[Records for this exercise Boundary: Start]

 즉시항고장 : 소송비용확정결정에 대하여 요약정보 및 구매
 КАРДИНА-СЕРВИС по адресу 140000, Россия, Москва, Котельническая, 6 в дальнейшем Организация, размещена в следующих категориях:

[Records for this exercise Boundary: End]
[Records for this exercise Boundary: Start]

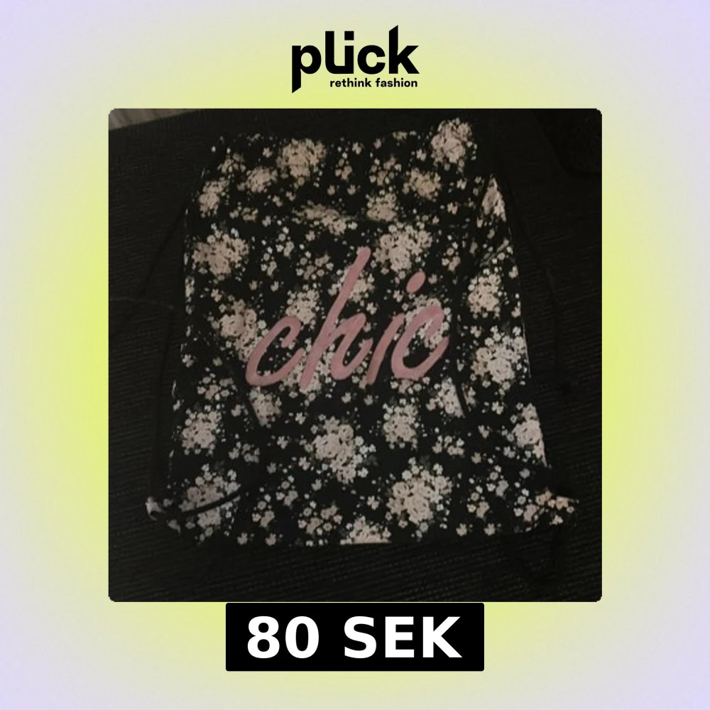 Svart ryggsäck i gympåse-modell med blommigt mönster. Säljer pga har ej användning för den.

[Records for this exercise Boundary: End]

[Exercise prompt] Restate word for word only the lines above from the line containing "즉시항고장 : 소송비용확정결정에 대하여 요약정보 및 구매" to the line containing "КАРДИНА-СЕРВИС по адресу", both of them included.

[Solution to the exercise]
 즉시항고장 : 소송비용확정결정에 대하여 요약정보 및 구매
 КАРДИНА-СЕРВИС по адресу 140000, Россия, Москва, Котельническая, 6 в дальнейшем Организация, размещена в следующих категориях:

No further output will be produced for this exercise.